This repository contains the official implementation for
Function-Space Regularization in Neural Networks: A Probabilistic Perspective; Tim G. J. Rudner, Sanyam Kapoor, Shikai Qiu, Andrew Gordon Wilson. ICML 2023.
Abstract: Parameter-space regularization in neural network optimization is a fundamental tool for improving generalization. However, standard parameter-space regularization methods make it challenging to encode explicit preferences about desired predictive functions into neural network training. In this work, we approach regularization in neural networks from a probabilistic perspective and show that by viewing parameter-space regularization as specifying an empirical prior distribution over the model parameters, we can derive a probabilistically well-motivated regularization technique that allows explicitly encoding information about desired predictive functions into neural network training. This method---which we refer to as function-space empirical Bayes (FS-EB)---includes both parameter- and function-space regularization, is mathematically simple, easy to implement, and incurs only minimal computational overhead compared to standard regularization techniques. We evaluate the utility of this regularization technique empirically and demonstrate that the proposed method leads to near-perfect semantic shift detection, highly-calibrated predictive uncertainty estimates, successful task adaption from pre-trained models, and improved generalization under covariate shift.
— View Paper —
First, set up the conda environment using the conda environment .yml
files in the repository root, using
conda env create -f environment.yml
To install jax
and jaxlib
, use
pip install "jax[cuda11_cudnn86]==0.4.4" -f https://storage.googleapis.com/jax-releases/jax_cuda_releases.html
To install pytorch
and torchvision
, use
pip install torch==1.12.1 torchvision==0.13.1 --index-url https://download.pytorch.org/whl/cpu
NB: We recommend installing PyTorch for CPU-only to make sure that PyTorch does not interfere with JAX's memory allocation.
NB: Replace path/to/repo
below by the absolute path to this repository.
FMNIST
To run FSEB with a small CNN on FashionMNIST, execute
python trainer_nn.py --config configs/fseb-cnn-fmnist.json --config_id 0 --cwd path/to/repo
CIFAR-10
To run FSEB with a ResNet-18 on CIFAR-10, execute
python trainer_nn.py --config configs/fseb-resnet18-cifar10.json --config_id 0 --cwd path/to/repo
To run FSEB with a pretrained ResNet-50 on CIFAR-10, execute
python trainer_nn.py --config configs/fseb-resnet50-pretrained-cifar10.json --config_id 0 --cwd path/to/repo
Additional config files will be added shortly.
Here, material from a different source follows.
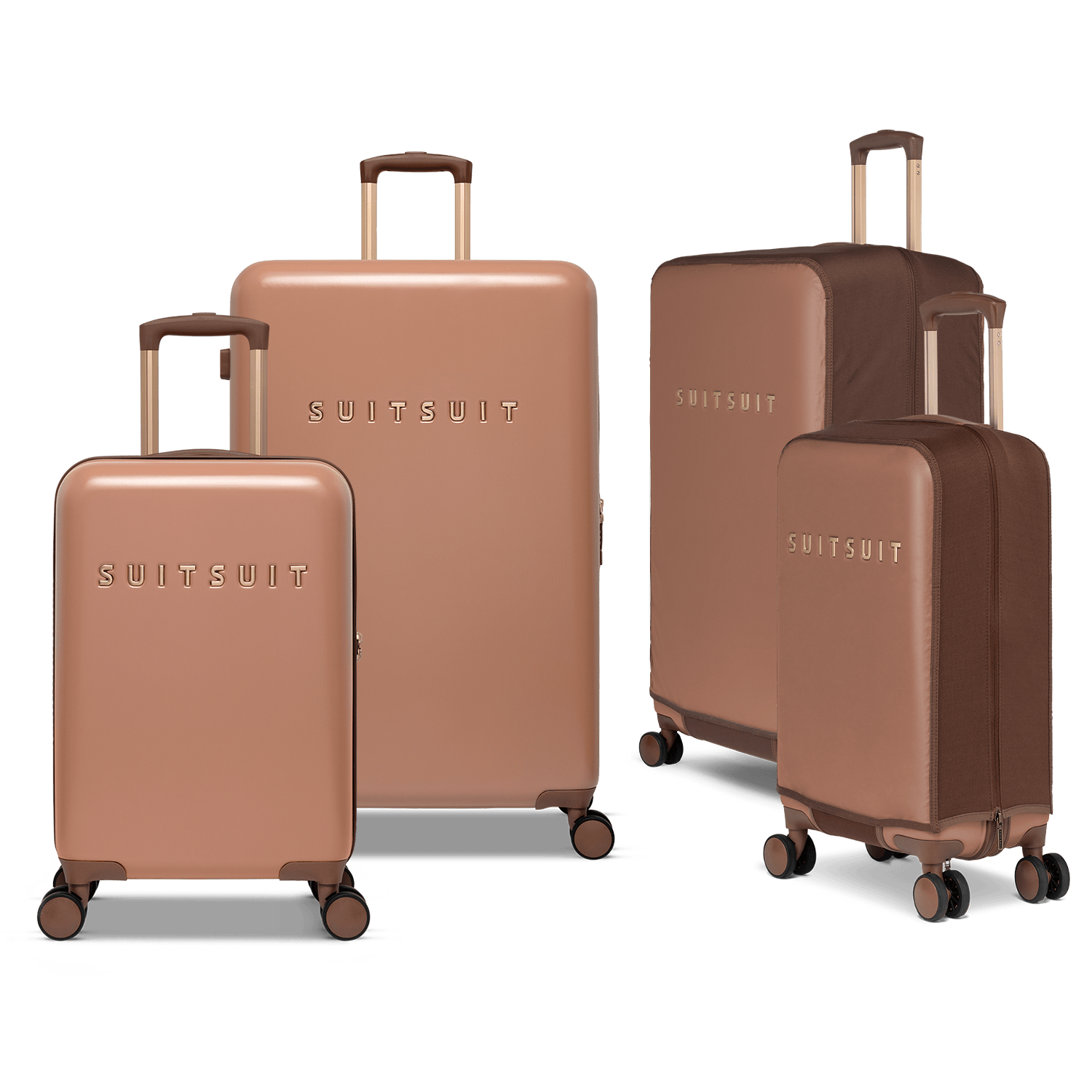 - This set includes the Italian Clay suitcase (76 CM), the Italian Clay carry-on suitcase (55 CM), and two Burned Caramel protection covers (55 CM and 76 CM)

NB: The configs above do not use additional datasets to construct the context set. Instead, they use a corrupted (i.e., augmented) training set. To use another dataset (e.g., KMNIST or CIFAR-100), change the --context_points
arg in the config.
By default, no CIFAR-10 Corrupted datasets are loaded. To evaluate model performance on these datasets, add --full_eval
to the configs above and make the following manual modification to the timm
library:
To load CIFAR-10 Corrupted configurations from TFDS, the following path is necessary in the timm
library parser_factory.py:
- name = name.split('/', 2)
+ name = name.split('/', 1)
if you do not make this change and use full_eval
in the config, you will get an error stating
No builder could be found in the directory: ./data/CIFAR10 for the builder: speckle_noise_1.
If you encounter an out-of-memory error, you may have to adjust the amount of pre-allocated memory used by jax. This can be done, for example, by setting
export XLA_PYTHON_CLIENT_MEM_FRACTION="0.9"
Note that this is only one of many reasons why you may encounter an OOM error.